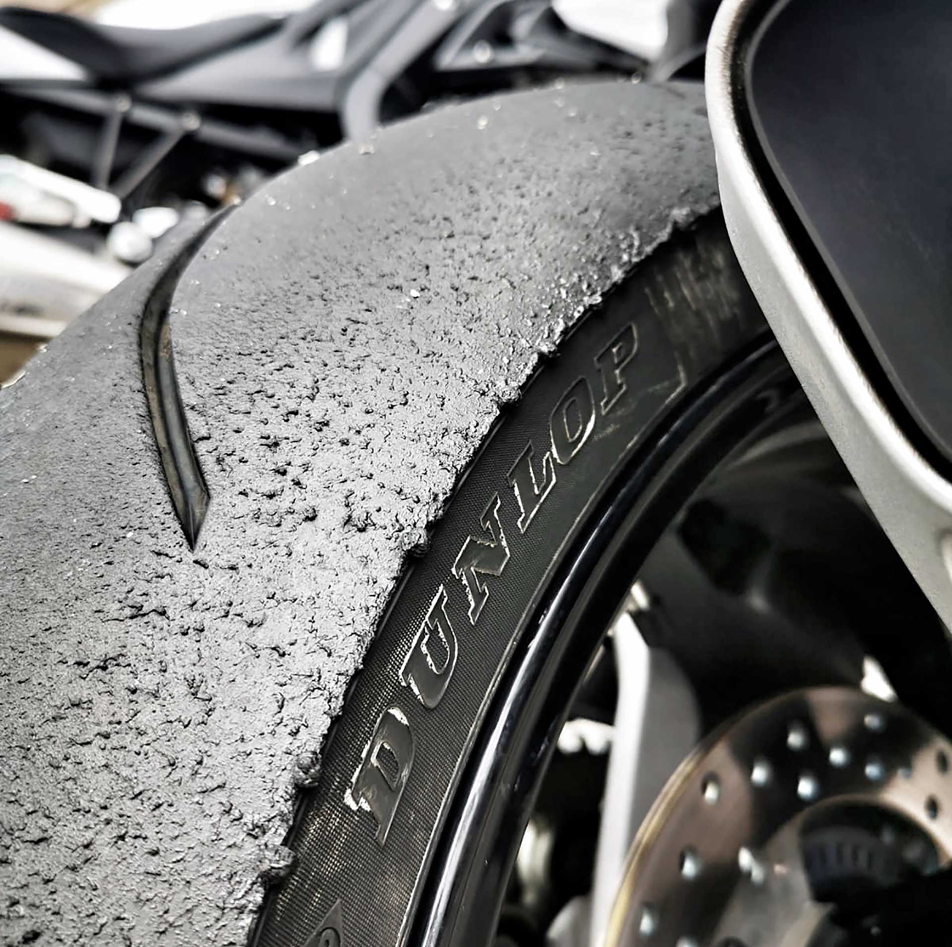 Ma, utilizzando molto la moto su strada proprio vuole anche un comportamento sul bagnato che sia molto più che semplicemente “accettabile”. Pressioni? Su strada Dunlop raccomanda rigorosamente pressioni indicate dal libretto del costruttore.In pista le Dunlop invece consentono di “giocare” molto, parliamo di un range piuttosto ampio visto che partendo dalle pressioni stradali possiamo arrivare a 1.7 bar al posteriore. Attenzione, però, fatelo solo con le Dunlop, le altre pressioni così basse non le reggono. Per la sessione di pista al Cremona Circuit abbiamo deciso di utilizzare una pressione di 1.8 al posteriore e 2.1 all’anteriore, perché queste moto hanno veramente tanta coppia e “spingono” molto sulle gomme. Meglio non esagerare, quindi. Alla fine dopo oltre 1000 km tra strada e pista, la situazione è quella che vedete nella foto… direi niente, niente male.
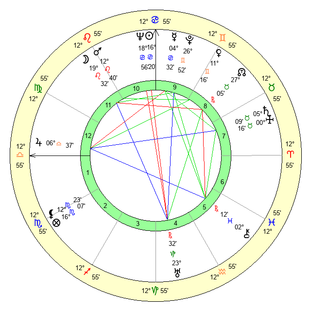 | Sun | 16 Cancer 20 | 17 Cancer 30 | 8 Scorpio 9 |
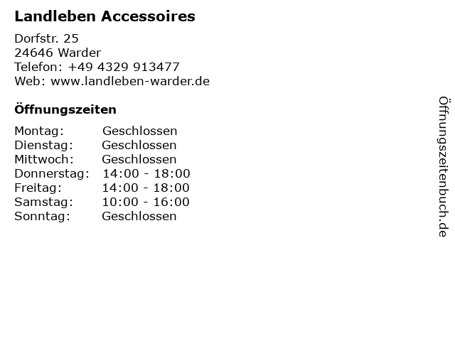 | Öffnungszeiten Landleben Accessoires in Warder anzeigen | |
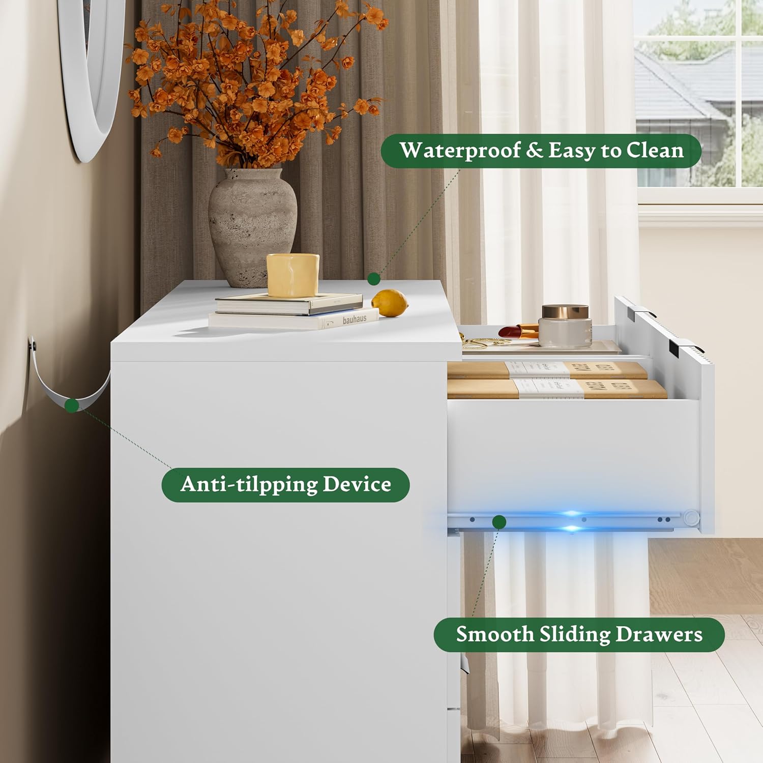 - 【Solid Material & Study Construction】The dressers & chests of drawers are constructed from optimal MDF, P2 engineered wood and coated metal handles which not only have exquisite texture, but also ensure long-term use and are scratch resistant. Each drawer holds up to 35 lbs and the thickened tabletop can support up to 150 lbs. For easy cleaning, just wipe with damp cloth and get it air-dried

^^^^^^^^^^^^^^^^

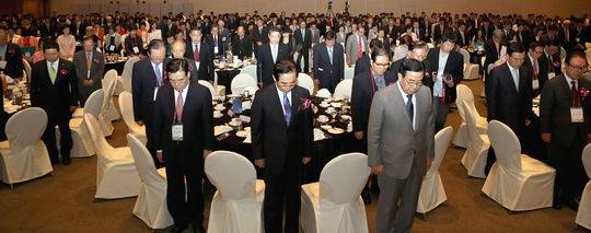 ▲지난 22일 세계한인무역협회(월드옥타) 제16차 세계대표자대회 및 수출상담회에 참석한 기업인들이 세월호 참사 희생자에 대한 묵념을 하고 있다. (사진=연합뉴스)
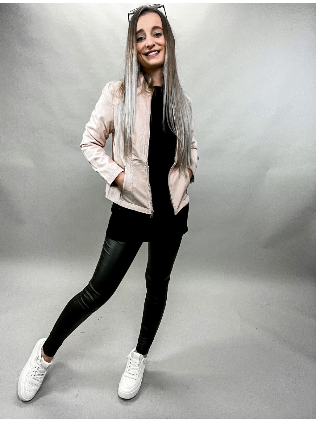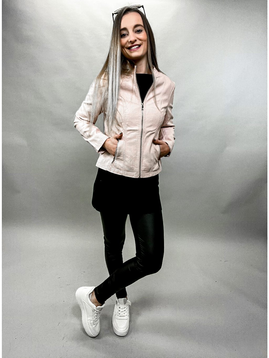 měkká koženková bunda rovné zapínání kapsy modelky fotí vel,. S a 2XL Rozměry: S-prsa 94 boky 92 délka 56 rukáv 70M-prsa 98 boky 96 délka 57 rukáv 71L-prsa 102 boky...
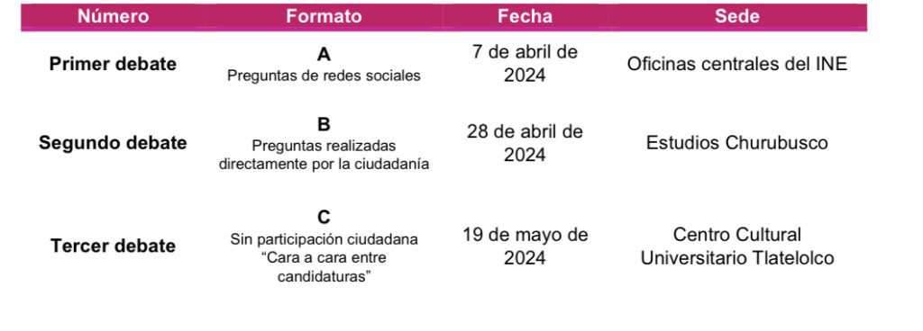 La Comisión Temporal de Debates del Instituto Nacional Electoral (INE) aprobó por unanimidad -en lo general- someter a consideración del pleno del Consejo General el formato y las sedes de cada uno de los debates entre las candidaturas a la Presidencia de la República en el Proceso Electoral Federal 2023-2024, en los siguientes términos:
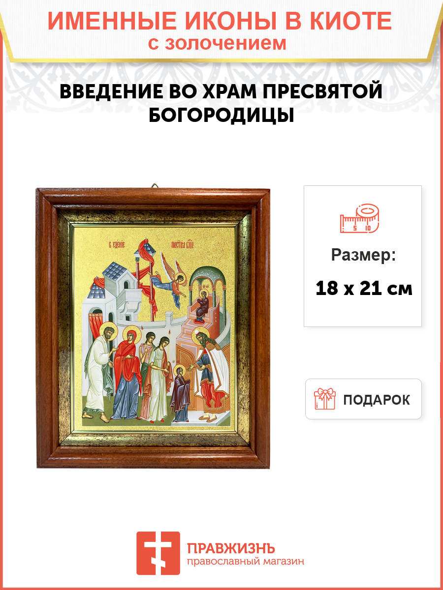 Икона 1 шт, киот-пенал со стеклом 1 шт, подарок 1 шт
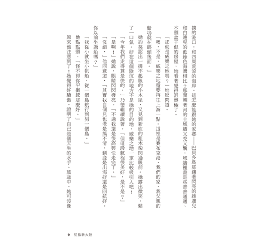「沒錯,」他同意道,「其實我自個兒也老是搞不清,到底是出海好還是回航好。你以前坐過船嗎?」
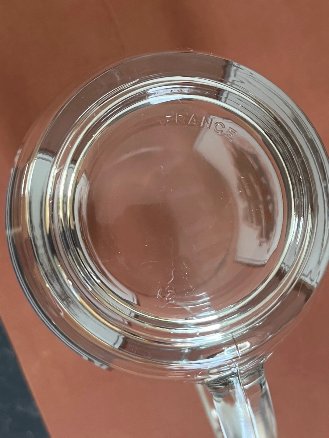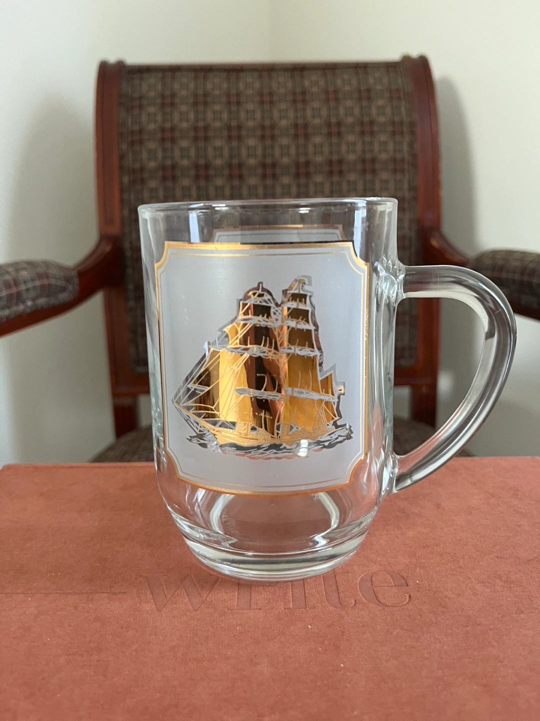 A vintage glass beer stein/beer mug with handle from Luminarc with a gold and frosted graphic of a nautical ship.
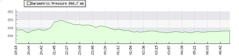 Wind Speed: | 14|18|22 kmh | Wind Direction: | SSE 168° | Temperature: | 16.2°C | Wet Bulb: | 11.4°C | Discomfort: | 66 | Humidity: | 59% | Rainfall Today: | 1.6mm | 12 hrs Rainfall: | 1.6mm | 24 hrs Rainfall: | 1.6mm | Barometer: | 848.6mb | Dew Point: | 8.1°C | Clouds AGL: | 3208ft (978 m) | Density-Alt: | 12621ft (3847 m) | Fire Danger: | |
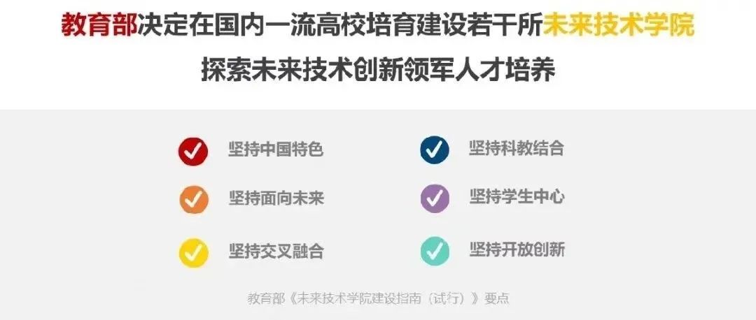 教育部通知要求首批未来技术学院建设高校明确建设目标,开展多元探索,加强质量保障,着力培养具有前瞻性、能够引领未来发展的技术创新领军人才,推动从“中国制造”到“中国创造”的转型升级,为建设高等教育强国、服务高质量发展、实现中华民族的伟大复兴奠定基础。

^^^^^^^^^^^^^^^^

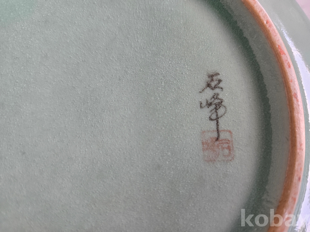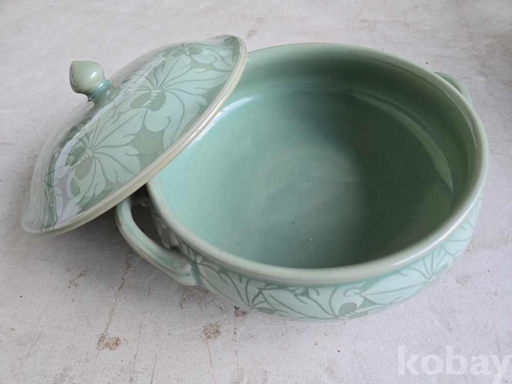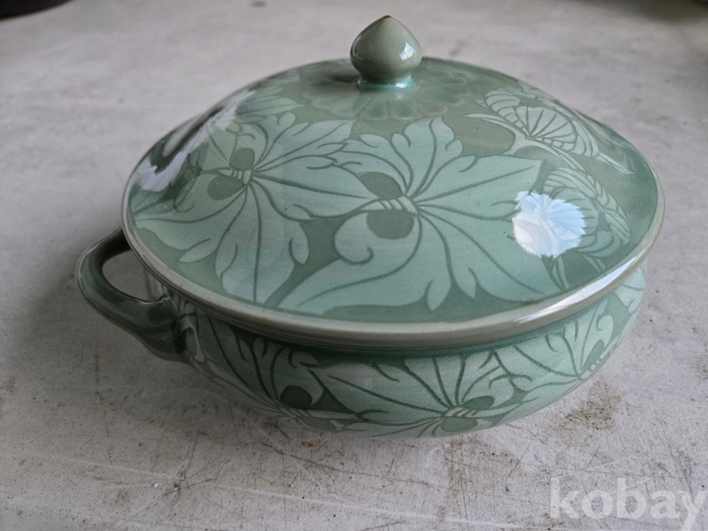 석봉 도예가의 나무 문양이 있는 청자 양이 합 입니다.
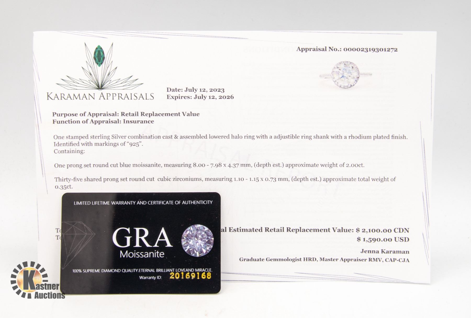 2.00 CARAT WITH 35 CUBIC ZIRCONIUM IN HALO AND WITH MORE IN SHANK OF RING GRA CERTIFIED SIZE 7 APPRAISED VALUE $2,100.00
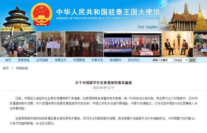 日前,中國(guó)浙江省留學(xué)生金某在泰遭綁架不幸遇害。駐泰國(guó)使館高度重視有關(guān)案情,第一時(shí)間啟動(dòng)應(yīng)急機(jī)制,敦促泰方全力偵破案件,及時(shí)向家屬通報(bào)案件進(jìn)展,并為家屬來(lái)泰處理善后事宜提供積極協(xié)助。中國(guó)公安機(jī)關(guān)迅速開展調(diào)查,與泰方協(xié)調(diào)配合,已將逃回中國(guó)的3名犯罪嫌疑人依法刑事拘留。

^^^^^^^^^^^^^^^^

Task to carry out: Although pictures appear among the records above, write out exactly only the lines from the one that has "Ma, utilizzando molto" through the one that has "- 【Solid Material", and leave the pictures out.

Answer to the exercise:
 Ma, utilizzando molto la moto su strada proprio vuole anche un comportamento sul bagnato che sia molto più che semplicemente “accettabile”. Pressioni? Su strada Dunlop raccomanda rigorosamente pressioni indicate dal libretto del costruttore.In pista le Dunlop invece consentono di “giocare” molto, parliamo di un range piuttosto ampio visto che partendo dalle pressioni stradali possiamo arrivare a 1.7 bar al posteriore. Attenzione, però, fatelo solo con le Dunlop, le altre pressioni così basse non le reggono. Per la sessione di pista al Cremona Circuit abbiamo deciso di utilizzare una pressione di 1.8 al posteriore e 2.1 all’anteriore, perché queste moto hanno veramente tanta coppia e “spingono” molto sulle gomme. Meglio non esagerare, quindi. Alla fine dopo oltre 1000 km tra strada e pista, la situazione è quella che vedete nella foto… direi niente, niente male.
 | Sun | 16 Cancer 20 | 17 Cancer 30 | 8 Scorpio 9 |
 | Öffnungszeiten Landleben Accessoires in Warder anzeigen | |
 - 【Solid Material & Study Construction】The dressers & chests of drawers are constructed from optimal MDF, P2 engineered wood and coated metal handles which not only have exquisite texture, but also ensure long-term use and are scratch resistant. Each drawer holds up to 35 lbs and the thickened tabletop can support up to 150 lbs. For easy cleaning, just wipe with damp cloth and get it air-dried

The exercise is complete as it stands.